Meta-analytic approaches allow for the combined analysis of statistical data to obtain a more robust measure of treatment effect. Only two company-sponsored studies from the GSK FF clinical trial programme met the criteria for inclusion in this meta-analysis, having evaluated both FF100 and FP250 treatment arms. Combining the findings from the individual trials, the results of this meta-analysis demonstrated no statistically significant difference between FF100 and FP250, and non-inferiority of FF100 to FP250, in mean change from baseline in trough FEV1. With only two studies included in the meta-analysis, meta-regression to adjust for differences between patient populations was precluded; however, such adjustment was unlikely to have affected the results. Overall, the disparities between the two studies were minor and considered unlikely to have significantly impacted the trial outcomes. Furthermore, the Q test and I 2 results indicated no significant statistical heterogeneity between the trial results.
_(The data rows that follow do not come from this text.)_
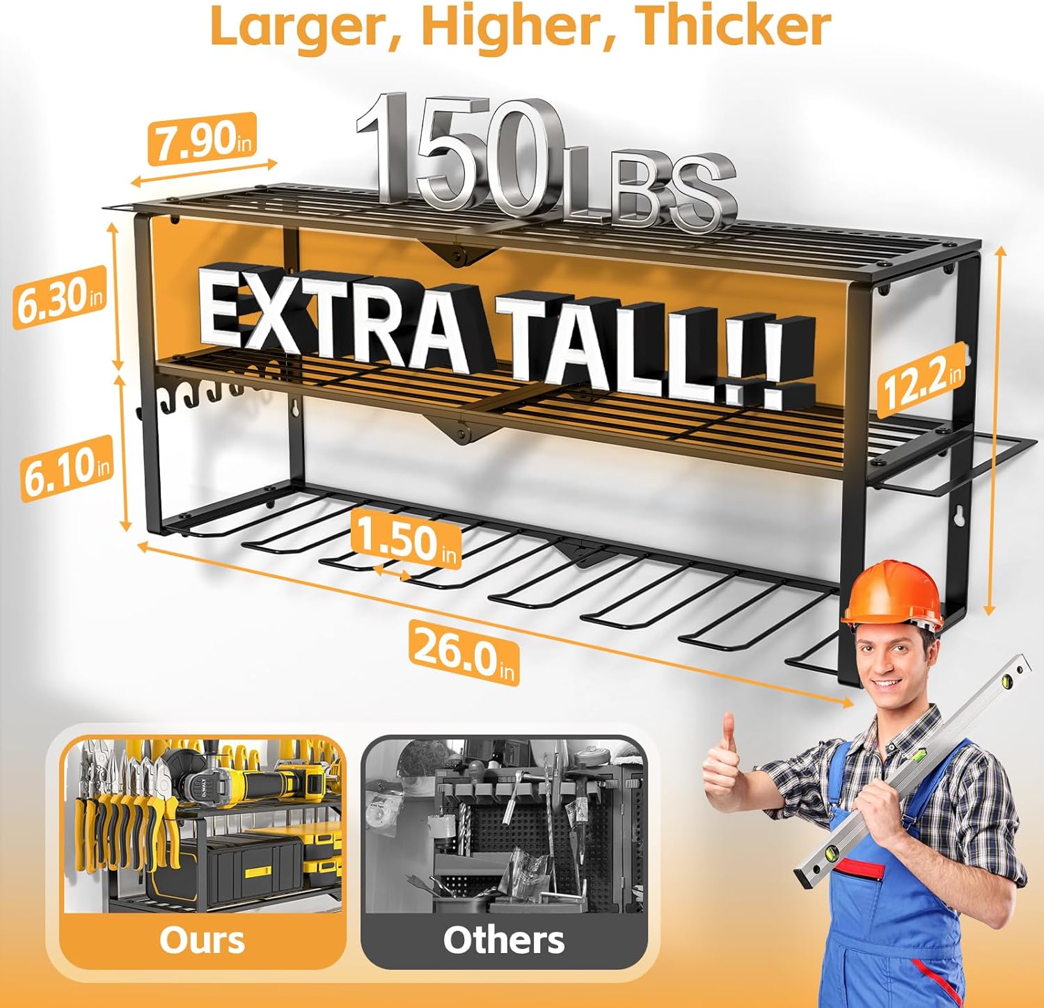 - Rust Resistant Finish: This tool shelf is made from high quality powder-coated steel, preventing rust and corrosion even in wetter environment.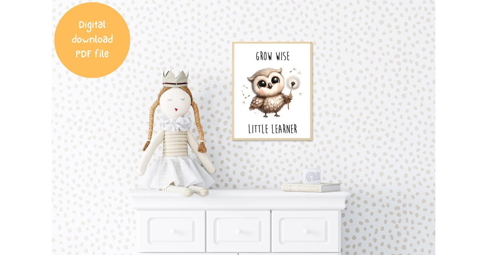 Digital Download - "Grow Wise Little Learner" owl print - Inspirational Quote - Positive
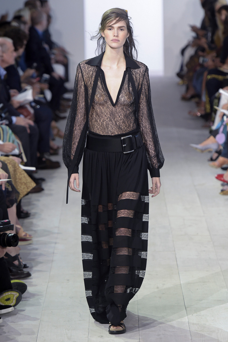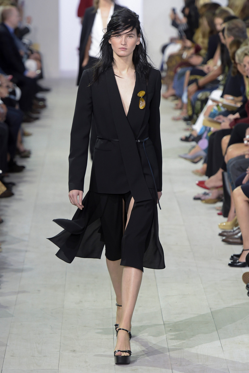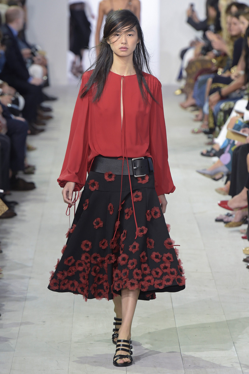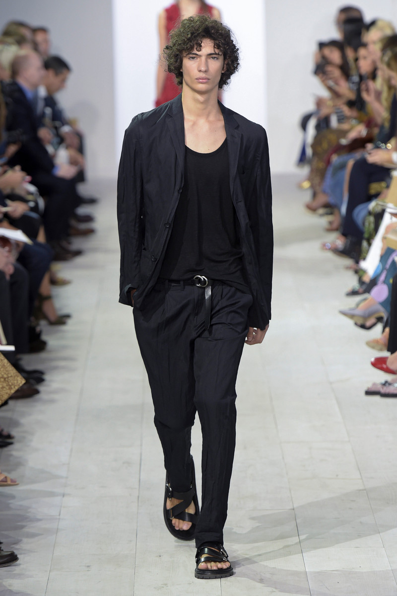 For SS2016 Michael Kors decided to bring some romance back into the world. He did so by introducing a wide selection of floral embroidered skirts and dresses. Elegant pieces that fit beautifully but were never body hugging or tight. Kors is not a big fan of tight fitted clothing and searches for femininity and sexiness in other things. In ruffles, sheerness and ensembles that beautifully moved as his bare faced models walked the runway. In a roomy blouse with a low neckline for example or a bikini bottom matched with a turtle neck. Less convenient, more effective. But there was room for contrast too. Cool crispy suits and a few male models popped up making Kors’ romantic story even more convincing. The designer-brand, which is doing very well in the Netherlands, will have something for everyone next season. Perfectly wearable, highly covetable.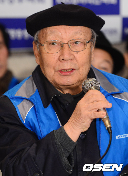 20일 오후 서울 여의도동의 한 음식점에서 열린 한국방송연기자노동조합 긴급 기자회견에서 원로배우 최명수가 발언을 하고 있다.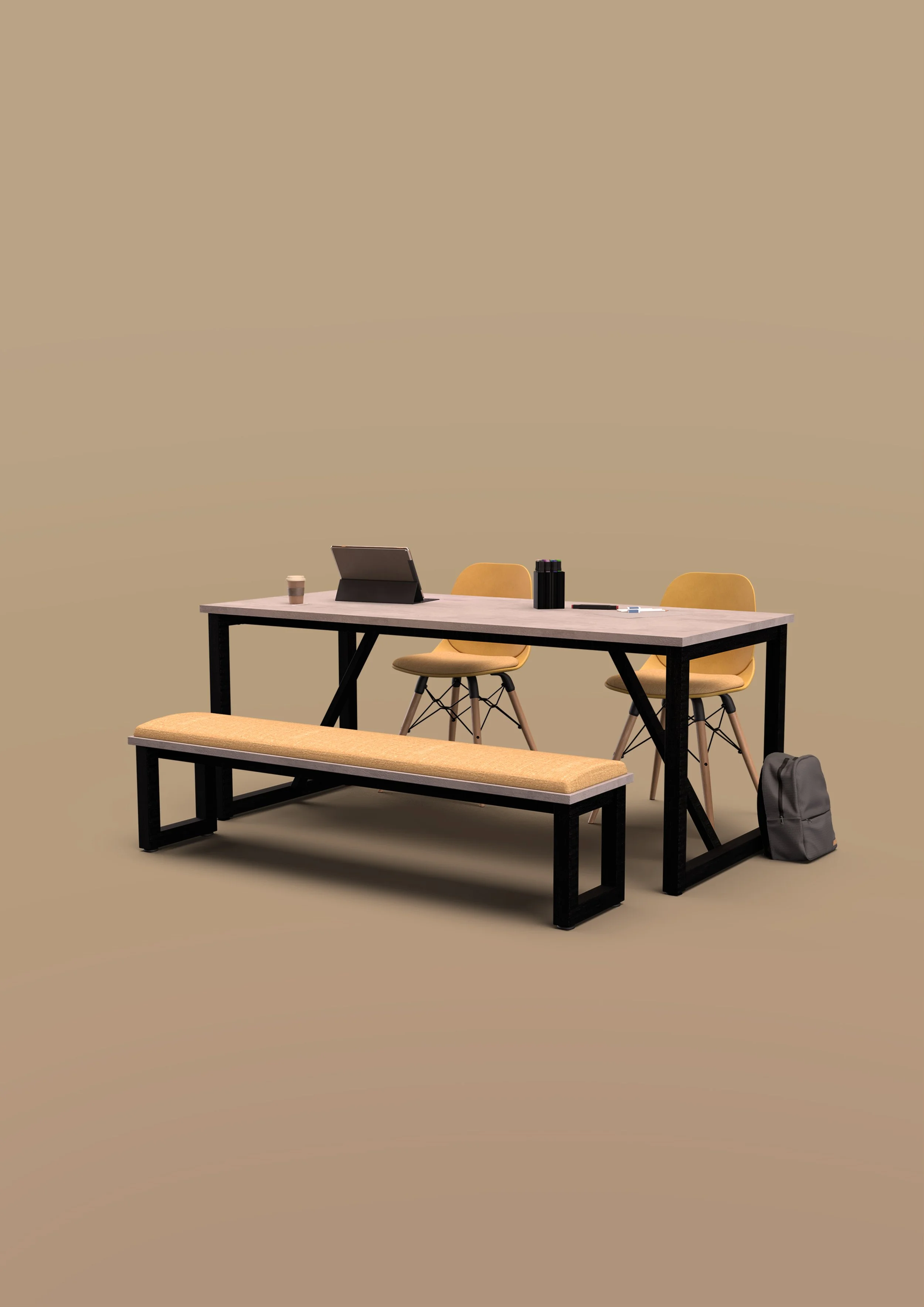 The Duel bench style furniture range can be found not just in canteen, café and bistro spaces but also in areas such as conference rooms, libraries and general 'break-out' zones. The tops are 25mm thick with a steel frame for that modern industrial look. Adding the upholstered seat pad provides extra comfort and colour that is so often needed to brighten up the office.
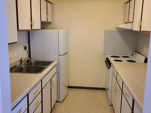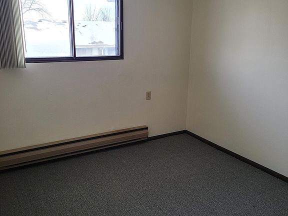 Community amenities include off street parking with 2 spacious lots available for residents and guests, beautiful trees, and relaxing sitting areas outside. Lawn maintenance and snow removal are included in rent. We have a maintenance person that takes care of any repairs needed in the apartments as well as upkeep of the property. There is also an office manager available onsite for any concerns or questions. Water, sewer, and trash collection is included in rent. Resident is responsible for the electricity. Each spacious apartment has its own patio or balcony, large living room with dining area, and includes a stove and refrigerator. There is a cutout for an air conditioner which the resident would have to provide. Community laundry rooms (coin operated) are provided at each end of the building. 1 pet under 20lbs considered. $300 pet deposit and an extra $20 per month.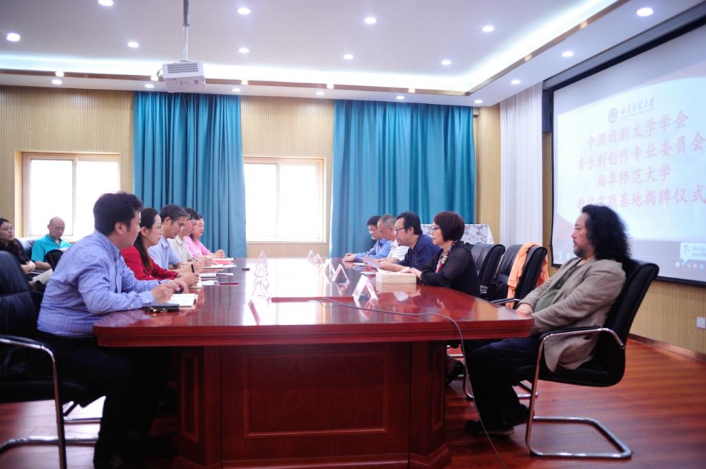 曲阜师大新闻中心讯 为加强我校音乐舞蹈专业艺术实践水平,推动校园音乐剧的发展,中国戏剧文学学会音乐剧创作专业委员会决定在D体育在线登录官网设立教学实践基地,并于6月17日上午在音乐学院会议室举行了揭牌仪式。中国戏剧文学学会驻会副会长羊驰、秘书长孙晓燕代表学会出席了揭牌仪式,学校党委常委、副校长李兆祥,日照校区办公室、音乐学院等单位负责人,中国戏剧文学学会音乐剧创作专业委员会主任、D体育在线登录官网全职特聘教授宝玉及部分教师代表参加了揭牌仪式,音乐学院院长肖桂彬主持仪式。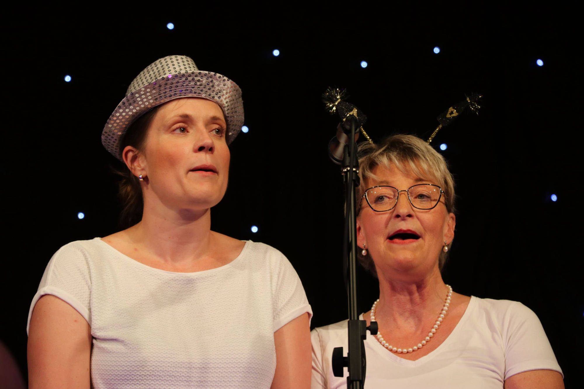 Schlaf, Liebe, Einsamkeit und Feiern zogen sich wie ein roter Faden durch die nun folgende Veranstaltung. Die Bühne war mit Sternenhimmel und farblich abgestimmten Licht vorbereitet, die Choreographie aufwändig einstudiert. „Sandmann, lieber Sandmann“ bildete, vom Pubikum gesungen, den Auftakt. Nun war klar: Der Schlafsand ist nicht weit. „The Lion sleeps tonight“, „Memory“, „Blue Moon“ und „Tourdion“ waren einige der nun dargebotenen Klassiker. Chorleiterin Imke Ortmann, am Piano hervorragend unterstützt durch Maike Jensen, bezog bei einzelnen Liedern, sowie zwischendurch, auch das Publikum weiter mit ein. Immer wieder wurde das Lied „Der Mond ist aufgegangen“ aufgegriffen, bis am Ende alle sieben Strophen gesungen waren. Bei den Liedern, hauptsächlich aus den Bereichen Oper, Pop und Musical, gab es mehrere Soloparts, welche die Zuhörenden besonders begeisterten. Insgesamt war es für aktiv und passiv Teilnehmende der Veranstaltung ein gelungener, schöner Abend.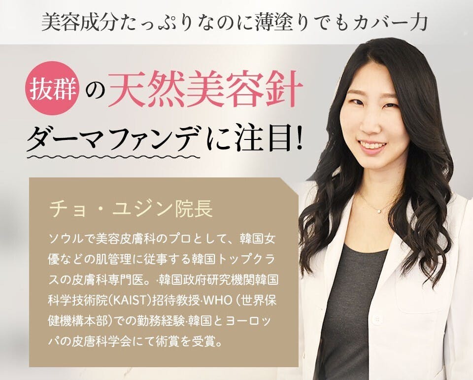 皮膚科専門医としてお肌に良いと思うファンデーションは低刺激なものです。このファンデーションは低刺激で、肌荒れ予防効果が期待できるツボクサ(シカ)などの美容成分が配合されているダーマファンデ 。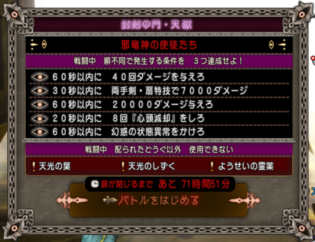 邪神の宮殿・天獄は現在開放中なので来週の開放はなさそうです。おそらく邪神の宮殿更新日くらいまでは大きな動きはないのではないかと予想しています。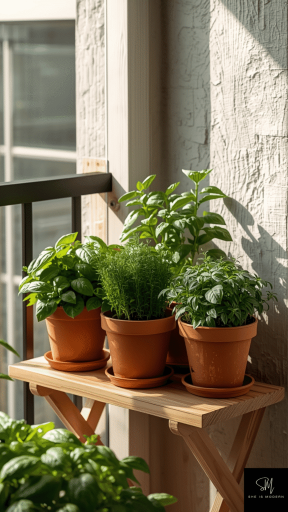 Herbs are easy to grow and don’t need much space. They also smell great and add a natural touch to your balcony. Use matching pots or containers to keep the look clean and organized. Label each plant for a neat and simple style.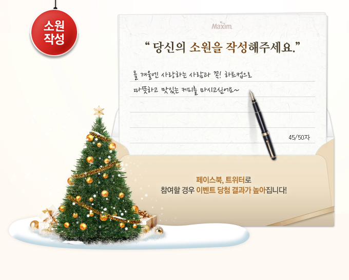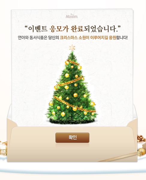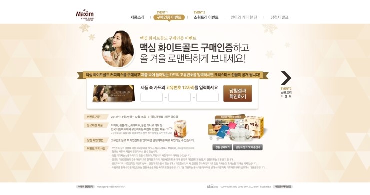 카드의 고유번호 12자리를 입력하면 맥심이 크리스마스 선물을 준대요~♥

However, limitations of the analysis should be considered when interpreting these results. Firstly, both included studies, FFA109685 and FFA112059, were placebo-controlled trials that included FP250 only as a reference arm. Neither study was originally designed for investigating the equivalence or non-inferiority of FF to FP. Secondly, FF and FP were delivered via different inhalers in the two studies (ELLIPTA and Diskus/Accuhaler, respectively [5, 6]). Thirdly, the timing of the primary endpoint assessment differed between the two studies (8 weeks in FFA109685; 24 weeks in FFA112059); however, the rationale for comparing data from the two time points using a LOCF approach is supported by the following: (i) from a clinical perspective, steady state (FEV1 effect size) is already achieved by 8 weeks of treatment and (ii) trough FEV1 did plateau after 8 weeks in study FFA112059 [6]. Lastly, caveats associated with the limited sample size in this study should be noted. Meta-analyses including few studies have lower statistical power to detect the effect of an intervention, and preclude from performing publication bias tests, meta-regressions (to test for the presence of effect modifiers), subgroup analyses, and sensitivity analyses, for example. The analysis was limited by the number of patients with available data for inclusion (N = 433 across the two studies) and it is acknowledged that the degree of random error contributing to imprecise estimates of treatment effect may be reduced with a larger sample size.

Conclusions

In this analysis, FF100 and FP250 demonstrated a comparable treatment effect on trough FEV1 in patients aged ≥12 years with persistent asthma; however, results interpretation should consider study design and methodological limitations.